Both have the following sequence:
GATCATCCGCCACCCCAAATACAACAGCTGGACTCTGGACAATGACATCCTGCTGATCAAGCTCTCCACACCTGCCATCATCAATGCCCATGTGTCCACCATCTCTCTGCCCACCACCCCTCCAGCTGCTGGCACTGAGTGCCTC
The first CIGAR expression is 3S148M, so I have 148 matches after the first 3 soft clipped bases.
The second CIGAR expression is 27M2I2M2D120M, so I have 2 bases inserted and 2 deleted after 27 matches.
The reference in this region (hg19) is
CAAGATCAATCCGCCACCCCCAATACAACAGGGACACTCTGGACAATGACATCATGCTGATCAAACTCTCCTCACCTGCCGTCATCAATGCCCGCGTGTCCACCATCTCTCTGCCCACCACCCCTCCAGCTGCTGGCACTGAGT
If I map to the reference I get:
REF: CAAGATCAATCCGCCACCCCCAATACAACAG GGACACTCTGGACAATGACATCATGCTGATCAAACTCTCCTC...
1st: GGTCAAGATCATCCGCCACCCCAAATACAACAGCTGG ACTCTGGACAATGACATCCTGCTGATCAAGCTCTCCAC...
2nd: GATCATCCGCCACCCCAAATACAACAGCTGG ACTCTGGACAATGACATCCTGCTGATCAAGCTCTCCAC...
This way the second CIGAR code is correct (CT inserted, GA deleted, assuming that there is no A delecion but ATCAA > GATCA in the 5 first 5 bases), but not the first one...
How could I explain this? Do I get this because GATK IndelRealigner is recalculating sequence and CIGAR in a wrong way? Does it has something to do with the fact that I am in a multimapped region?
In the other hand, they are multimapped sequences and the alternative mapped regions are (XA tag):
7,142470615,3S138M10S
, and 7,142481199,3S148M
for first read and 7,142470618,151M
and 7,142481202,151M
for the 2nd. In both cases the 2nd one starts 3 bases after the 1st one.
If I have the sequence fully matched if mapping to chr7...

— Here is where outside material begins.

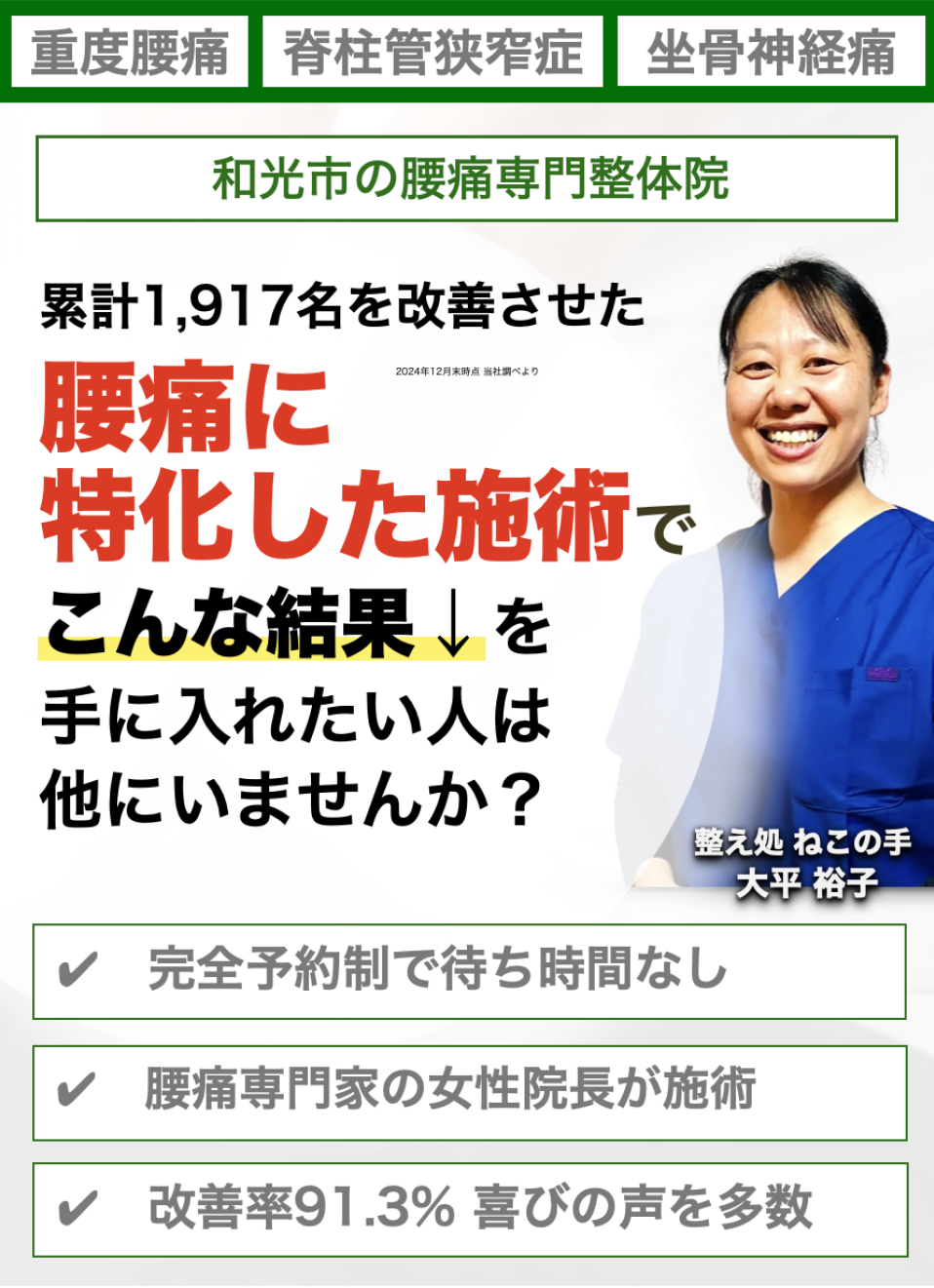 整え処 ねこの手院長の大平裕子と申します。

Why bwa assigned them to chr9 as primary?
Thank you very much
EDIT: I mapped again this sample without doing IndelRealigner and I still get the same thing, so the problem is with bwa
your post is too long - too many unrelated details - makes too difficult to read and parse. What you should post instead is just the issue at hand (and don't post examples where there is no problem), for example post the CIGAR string the alignment itself like so:
alignment:
and then ask the question of why it does not match.